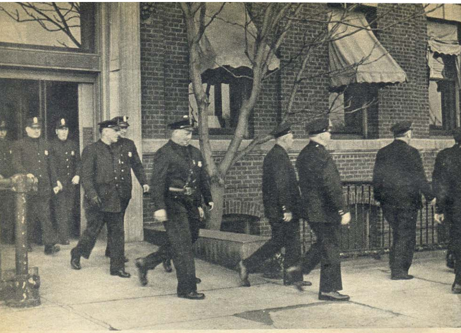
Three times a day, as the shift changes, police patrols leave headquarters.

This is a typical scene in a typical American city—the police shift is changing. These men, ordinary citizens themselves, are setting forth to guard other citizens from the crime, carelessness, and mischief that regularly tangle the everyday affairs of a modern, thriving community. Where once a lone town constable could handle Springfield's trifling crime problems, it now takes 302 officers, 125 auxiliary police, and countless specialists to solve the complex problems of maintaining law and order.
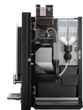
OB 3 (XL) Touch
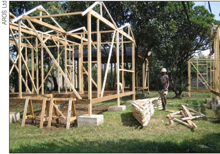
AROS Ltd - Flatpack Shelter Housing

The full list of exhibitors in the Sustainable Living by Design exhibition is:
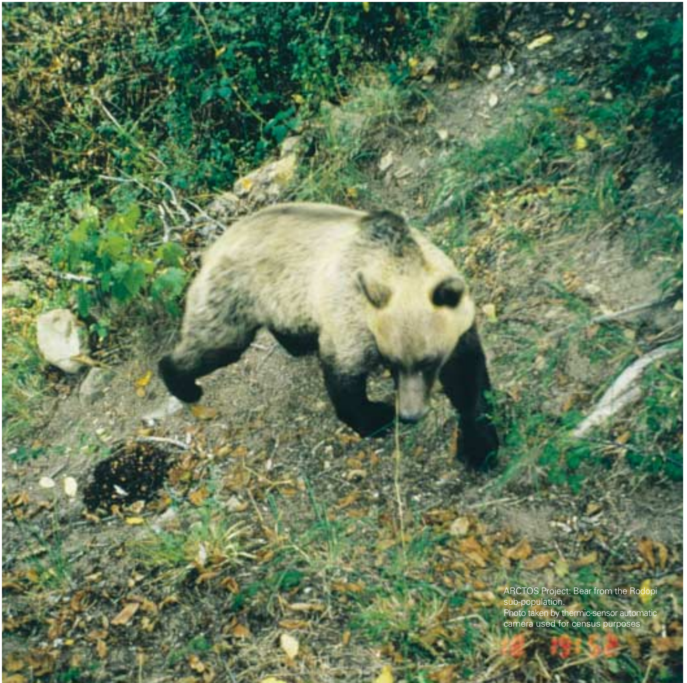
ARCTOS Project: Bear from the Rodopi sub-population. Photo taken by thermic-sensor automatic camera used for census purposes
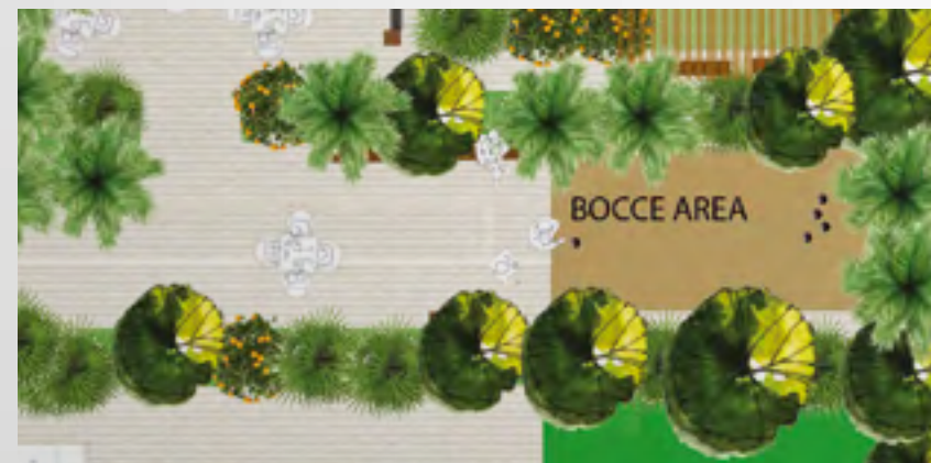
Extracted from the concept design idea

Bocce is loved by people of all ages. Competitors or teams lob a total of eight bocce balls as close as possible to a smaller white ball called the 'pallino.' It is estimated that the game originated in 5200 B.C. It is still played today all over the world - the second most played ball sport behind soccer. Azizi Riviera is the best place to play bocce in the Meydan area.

Exercise description —
Print the entries as they stand, first line through the line holding "Extracted from the concept design idea", with every picture removed.

Exercise output —
Three times a day, as the shift changes, police patrols leave headquarters.

This is a typical scene in a typical American city—the police shift is changing. These men, ordinary citizens themselves, are setting forth to guard other citizens from the crime, carelessness, and mischief that regularly tangle the everyday affairs of a modern, thriving community. Where once a lone town constable could handle Springfield's trifling crime problems, it now takes 302 officers, 125 auxiliary police, and countless specialists to solve the complex problems of maintaining law and order.
OB 3 (XL) Touch
AROS Ltd - Flatpack Shelter Housing

The full list of exhibitors in the Sustainable Living by Design exhibition is:
ARCTOS Project: Bear from the Rodopi sub-population. Photo taken by thermic-sensor automatic camera used for census purposes
Extracted from the concept design idea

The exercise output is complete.